Farmers already monitor soil moisture, field conditions and crop status. Public agencies track rainfall, river levels and flood alerts. Retailers have complicated systems that include transport networks and assessing expected demand. But these numbers sit in different systems, often using different formats, making them difficult to bring together quickly.

At its core, this is a problem of systems not being able to talk to each other when it matters. Work on the food data transparency partnership (which brings together views from government departments and industry) highlights the need for common standards.

Technical groups make the same point – that inconsistent formats and definitions prevent organisations from forming a clear shared view of what is happening on the ground.

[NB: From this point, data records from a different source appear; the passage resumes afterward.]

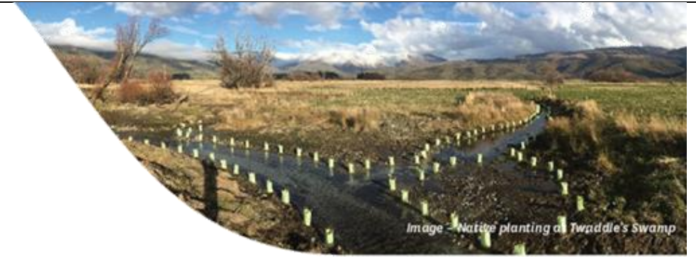
Image – Native planting at Twiddle's Swamp

This summary highlights the key actions agreed by the zone committee for the next three years.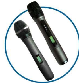
SQ-6000 SQ-6100 SQ-3000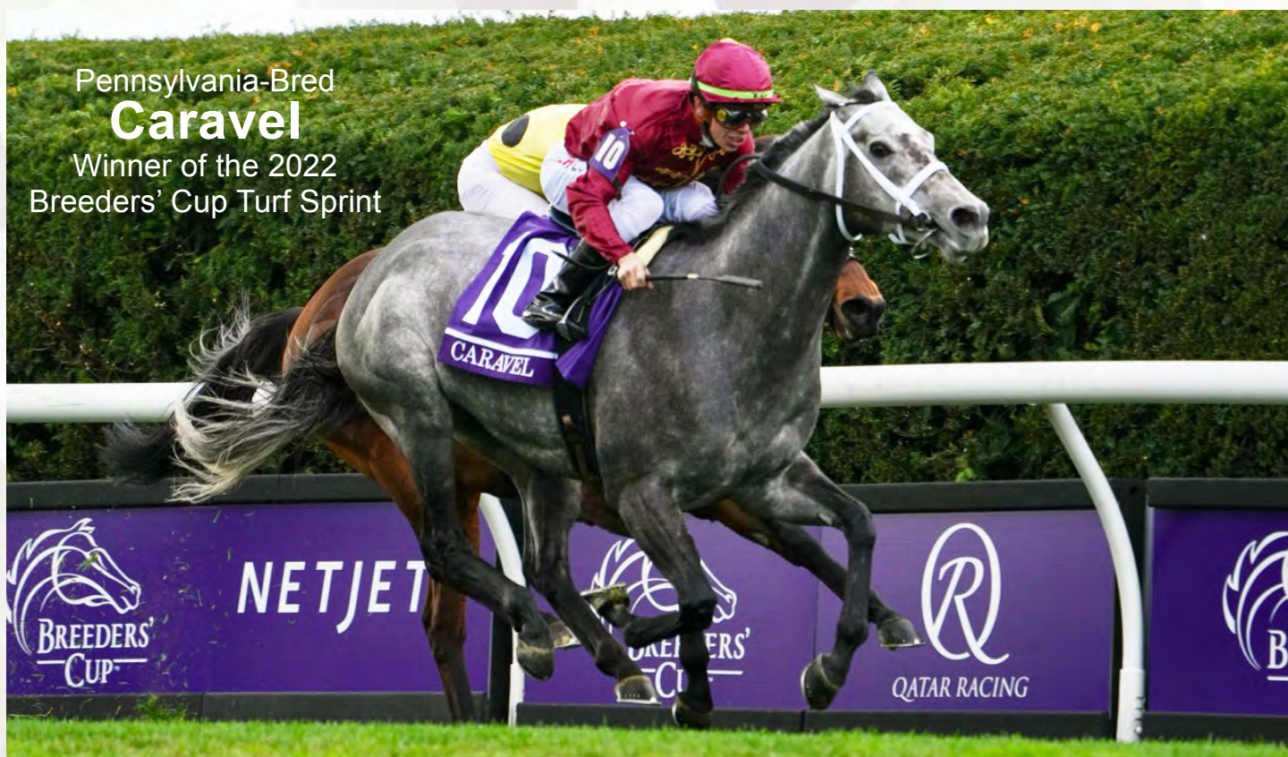
Pennsylvania-Bred Caravel Winner of the 2022 Breeders' Cup Turf Sprint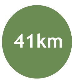
average commuting distance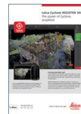
Leica Cyclone REGISTER 360 Data Sheet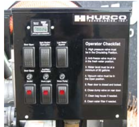
Easy-to-operate control panel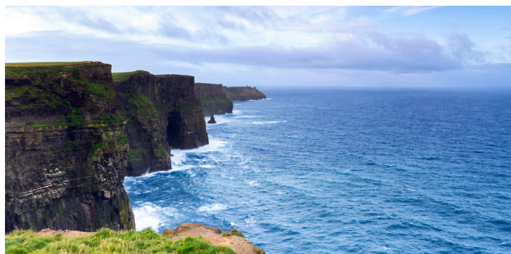
County Clare, Ireland CLIFFS OF MOHER 莫赫悬崖

For reservations or any other inquiries, please contact our staff.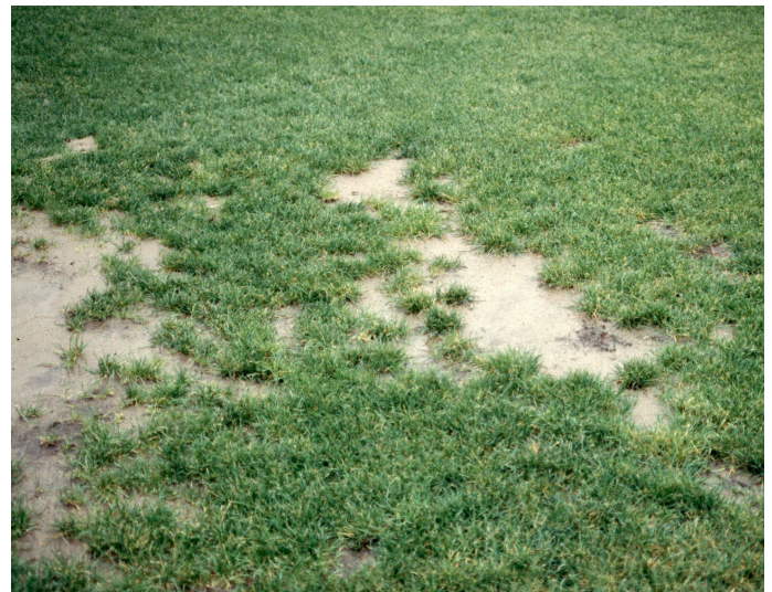
Standing water on an athletic surface

The ease with which water can move through soil is permeability. Infiltration, water entering the soil, and percolation, water moving through the soil, are components of permeability. Infiltration and percolation are measured in inches per hour. Movement of water into and through the soil profile is affected by soil texture, soil structure, and compaction. A field surface is kept free of water most effectively when some water can pass downward though the soil to assist removal by positive surface drainage. If infiltration and percolation are inhibited, water will remain on the surface and rely primarily on surface drainage.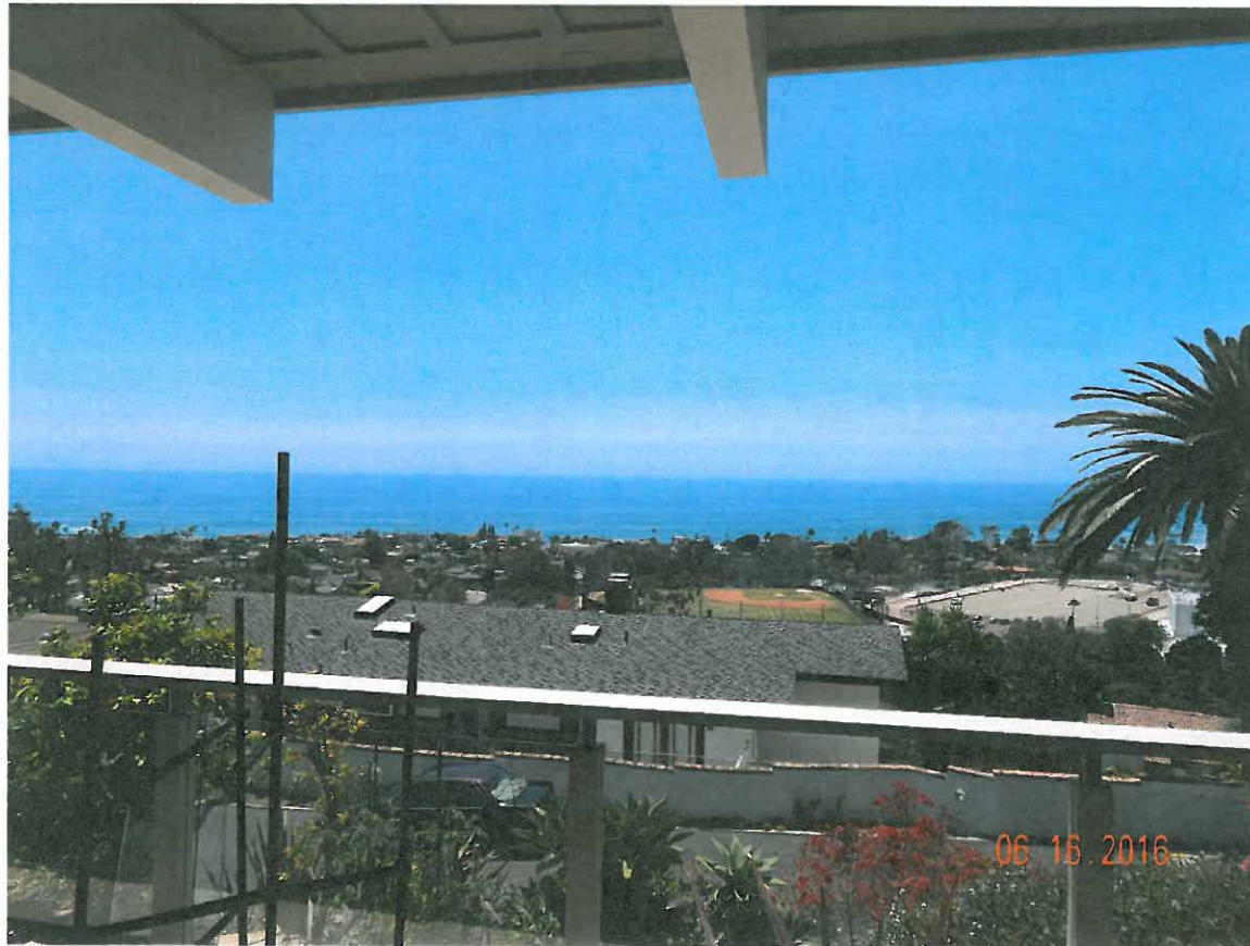
757 Coast View Drive

The photograph above was taken from the Family room on the lower level of the primary residential structure.

Each set of data helps in isolation; the difficulty is that they are not easily viewed together.




Read more:
The UK’s food supply is more fragile than you might think – here’s why it should be a national priority


Supermarkets want change too

In November, Tesco’s UK chief executive, Ashwin Prasad, called for a national framework for farm data, noting that 96% of farmers say inconsistent standards make planning harder. When both the UK’s largest retailer and its suppliers highlight the same barrier, it suggests a deeper, system-wide issue rather than an isolated concern.

Government plans for revising its agricultural policy is starting to acknowledge these issues. There are pilot schemes testing the use of shared environmental data on farms. And the food data transparency partnership is working on more consistent data rules. These efforts are important foundations, but recent events show that more practical, real-time coordination is still needed, especially in emergencies.

Public agencies hold information that no other part of the system can access: regional transport pressures, infrastructure constraints and emergency responsibilities. They are also required to assess climate-related risks under government reporting standards which will start to be introduced in 2026. These assessments depend on accurate, timely data, something that becomes far harder to provide when information is fragmented.

With clearer and more connected information, government bodies could identify which rural roads matter most for moving perishable goods, direct targeted support to farmers when severe weather threatens crops, spot pressure points when multiple regions face disruption, and plan long-term investments in flood management, soil health and water resources.

Why early-warning systems are needed

The UK already has many of the components needed for a modern, connected food-information system, detailed monitoring on farms themselves, national forecasting and sophisticated retail logistics. The priority now is to bring these parts together.

A shared early-warning layer could make a difference. It would not replace existing tools or farmers’ experience, but provide a small set of common signals, soil conditions, water availability, severe-weather alerts and key access-route issues, available to everyone at the same time. To work in practice, it must also ensure that farmers retain clear control over how their data is used so that trust and coordination develop together.

A recent survey found that more than 80% of UK farmers are worried that climate change is “harming their livelihoods”. That sense of pressure underlines the need for systems that help farmers prepare earlier and respond more confidently when conditions change.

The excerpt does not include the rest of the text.